BEIJING -- The Chinese Communist Party on Friday announced the expulsion from its ranks of former high-flying politician Bo Xilai, with state media saying that he will “face justice,” a move that sets up a coming crescendo in the biggest leadership scandal to hit Beijing in decades.
After months of speculation about whether Bo would be dealt with through quieter, inner-party disciplinary measures, the Communist Party’s Politburo decided in a meeting on Friday that his “suspected law violations” would be transferred to judicial authorities.
A damning and sweeping series of allegations were laid out against Bo, though no details were given in the official media account, including that he’d accepted bribes, abused official power and “had or maintained improper sexual relationships with a number of women.” That the accusations named government positions he’d held back to a mayor’s job he first took in 1992 signals that Bo faces serious punishment.
The Politburo reportedly made its decision after deliberating over an investigation on “Bo’s severe disciplinary violations,” submitted by the party’s central commission for discipline inspection.
“He took advantage of his office to seek profits for others and received huge bribes personally and through his family,” the state Xinhua newswire said, relaying the Politburo’s findings. “His position was also abused by his wife . . . to seek profits for others and the Bo family accepted a huge amount of money and property from others.”

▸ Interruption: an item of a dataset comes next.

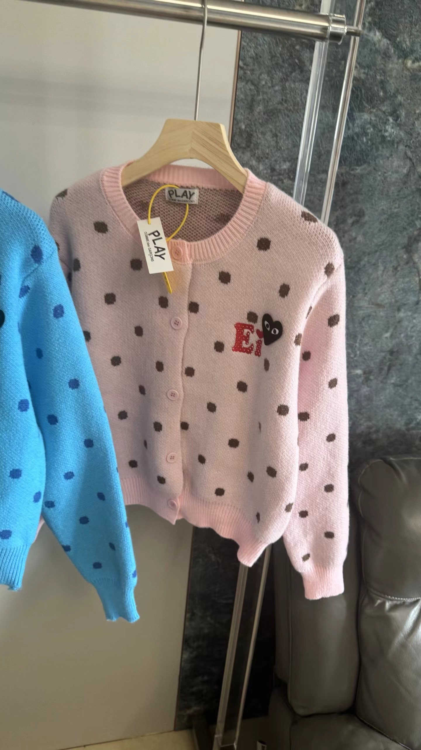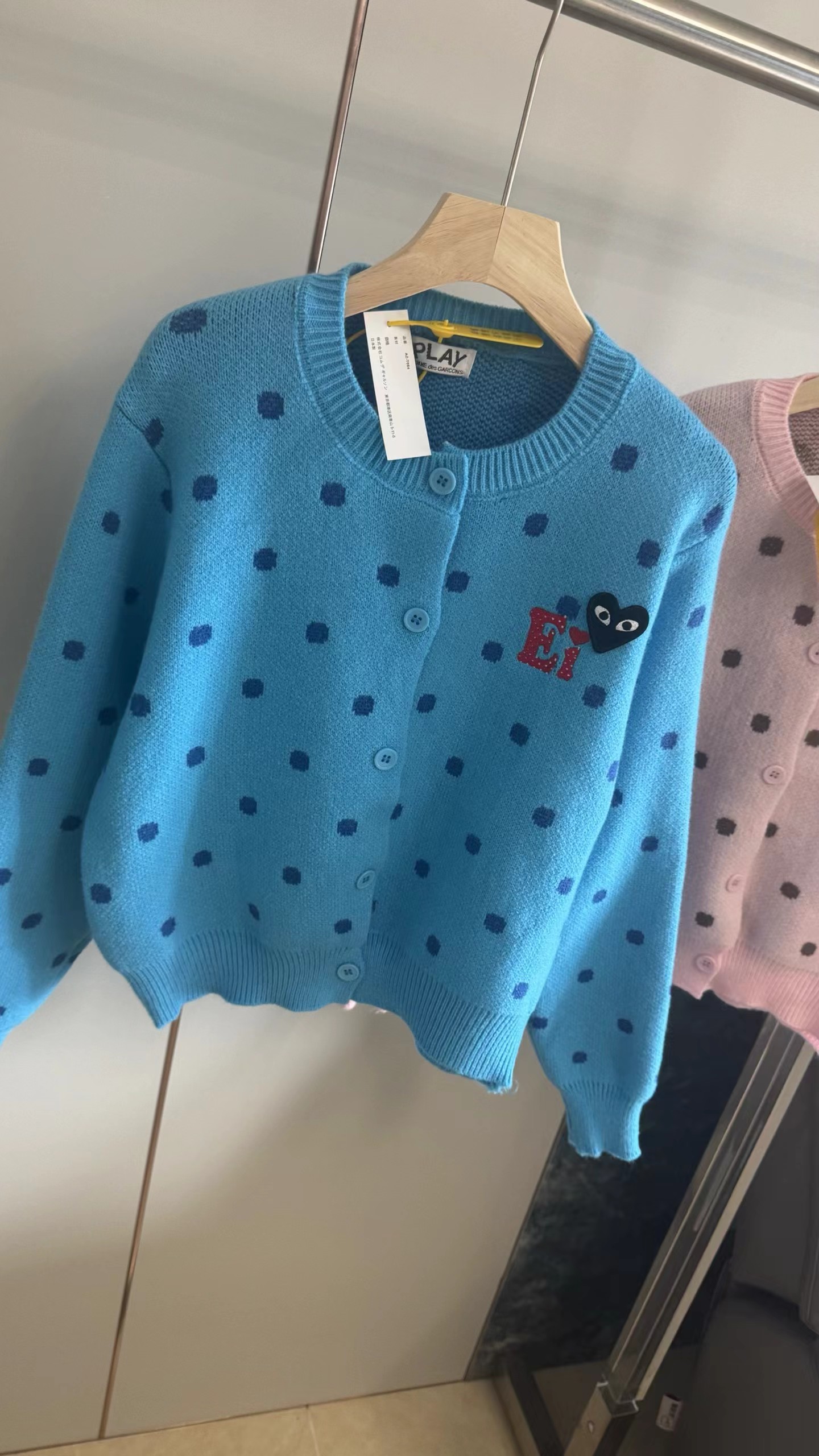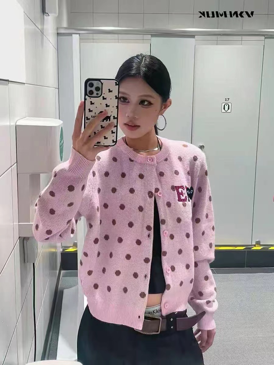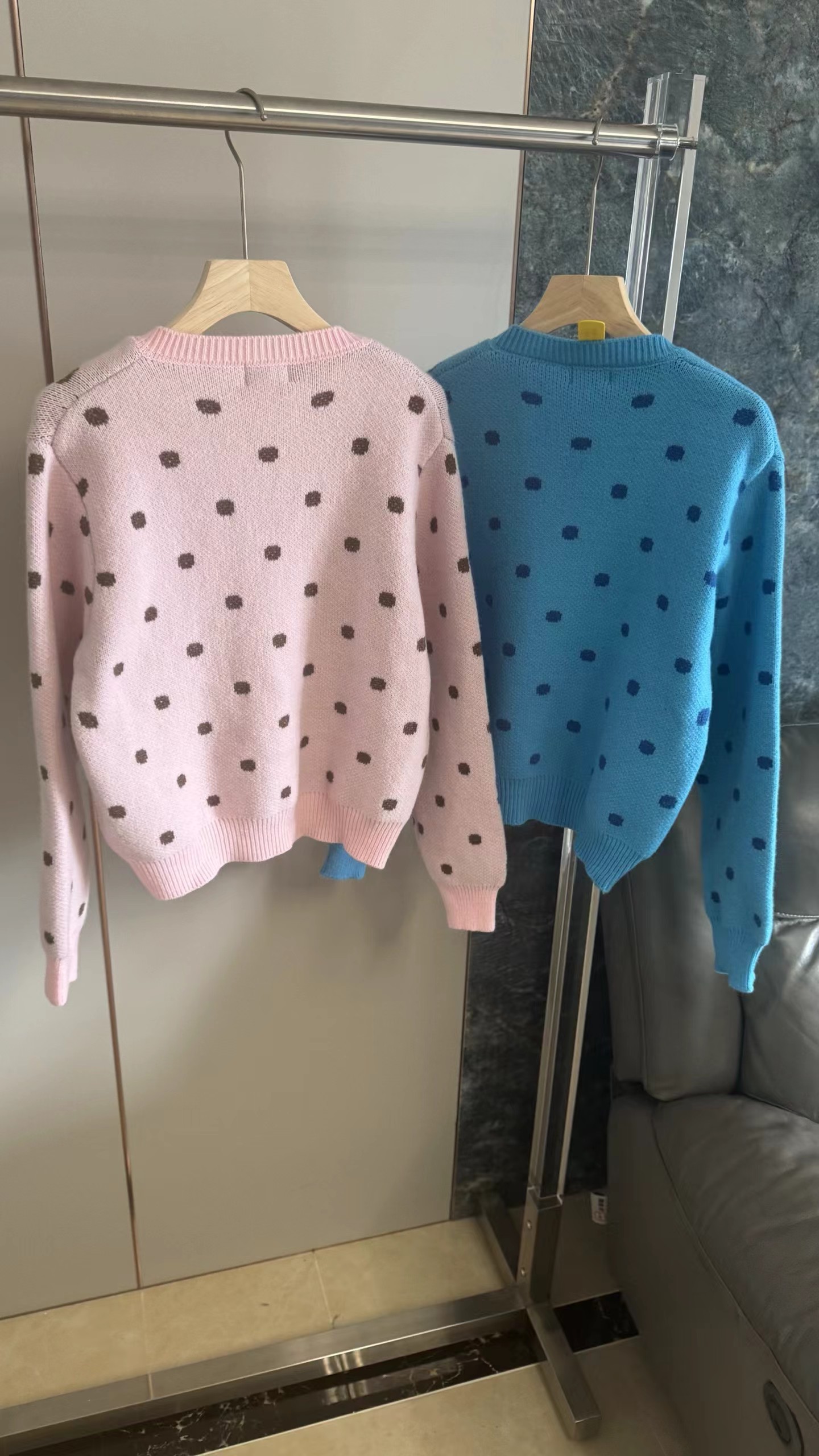 圆领单排扣针织开衫,版型宽松休闲,衣长偏短,对小个子友好且能优化身材比例。主体为清新明亮的颜色,满印同色系深波点,复古俏皮又充满元气感。柔软的针织面料,触感舒适,兼具保暖性与视觉蓬松感,适合春秋季节叠穿或单穿。爱心刺绣,趣味感十足,是视觉焦点。圆领、袖口与下摆均采用罗纹收口,贴合身形,不易变形,门襟为同色系圆形纽扣,简约耐看,与整体风格统一。美式复古+日系可爱风,活泼减龄,适配牛仔裤、工装裙等下装,适合日常出街、约会等轻松场景。

Xinhua announced in tandem that a party congress due to usher in a once-in-a-decade transition of power will be held Nov. 8. That item and the one concerning Bo were posted within minutes of one another, a fitting sequence given that many have speculated the meetings had been held up in part by factional fighting over his fate.
Although the Communist Party has sought to frame Bo’s case and those surrounding it as a matter of law, it’s widely been seen as a political issue. During his time as the party chief of the southwestern metropolis of Chongqing, Bo’s ambition, populist politics and willingness to invoke Mao Zedong-era slogans and songs were thought to rankle some senior leaders in Beijing.
Any legal proceedings against him, as with all high-profile cases, almost certainly will be scripted by party leadership. In seeking to do so, however, Beijing would need to walk a fine line of castigating Bo, a longtime official, for various crimes while trying not to further public perception that the Communist Party is in fact saturated by corruption.
Among the messages from leadership relayed by Xinhua was that “Party organizations at various levels must use Bo’s case as a negative example to . . . maintain strict Party discipline, improve the Party’s working style, speed up the building of the system for punishing and preventing corruption, and constantly enhance the Party’s capabilities of self-purification, self-improvement and self-innovation – all in a bid to maintain the Party’s advanced nature and purity.”
The first, and dramatic, step in the dismantling of Bo’s career came in February, after his former Chongqing police chief fled to a U.S. consulate and reportedly relayed the news that Bo’s wife was a leading suspect in the murder of a British businessman. At the time, Bo, the son of a legendary Communist Party leader, was considered a leading candidate for the Politburo’s standing committee, the apex of political power in China.